Saioa Marrón Pérez (smarron@ucm.es) holds a BA in Social and Cultural Anthropology (UCM, 2023) and an MA in Social Analysis of Knowledge and Communication (UCM). She is a JAE Intro ICU 2024 research fellow at the Balearic Oceanographic Centre (COB-IEO-CSIC) working on the VADAPES II project about climate change and fisheries. Her research explores new practices emerging from the socio-ecological crisis, focusing on the semiotic-material negotiation of risk and uncertainty in the science-society interface from an STS perspective.

Patricia Alía Martínez (patralia@ucm.es) holds a BA in Sociology (2021) and an MA in Social Sciences Research Methodology (2024) from Complutense University of Madrid. She is currently pursuing a PhD in Gender Interdisciplinary Studies at Rey Juan Carlos University, within the CIMES R&D+i project.

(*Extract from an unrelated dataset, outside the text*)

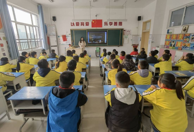 爱心支教行,冬日暖童心。徐丽以一张金城战役图为切入点,讲述了奇袭白虎团的故事,引出这节课讲解的英雄人物——杨育才。杨育才是一位人民志愿军,为抗美援朝的胜利作出了不朽的贡献。徐丽结合相关课程的教学内容,先后播放了《抗美援朝》和《金刚川》精彩片段,带领大家走进英雄杨育才的世界,感悟他的家国情怀。通过展示金城战役的地图路线和作战双方军事实力的数据对比,同学们明白抗美援朝战争过程的艰辛,作战双方力量悬殊之大,战争胜利之不易,从而牢记英雄事迹,学习英雄身上不畏艰难和有勇有谋的革命精神。在课堂结束后,徐丽解答了同学们的关于英雄杨育才的问题,同学们也都说出自己感悟,他们的话语中充满了对英雄的尊敬,纷纷表示会好好学习,把杨育才英雄当做自己的榜样。

Her research focuses on Science, Technology, and Gender Studies (STG) and Science and Technology Studies (STS), particularly concerning the intersections of health and gender. Her doctoral thesis explores controversies surrounding Polycystic Ovary Syndrome from the perspectives of patients.

Aaron Zau Nkosi Río (aaron.zaunkosi@cchs.csic.es) holds a BA in Social and Cultural Anthropology (Autonomous University of Madrid, 2022) and an MA in Theory and Critique of Culture (Carlos III University of Madrid, 2023). His research focuses on STS, the anthropology of body and health, and new materialist philosophy. He currently works at the Institute of Public Goods and Policies (IPP-CSIC) in the MORPHEUS European project on prognosis improvement in venous thromboembolism.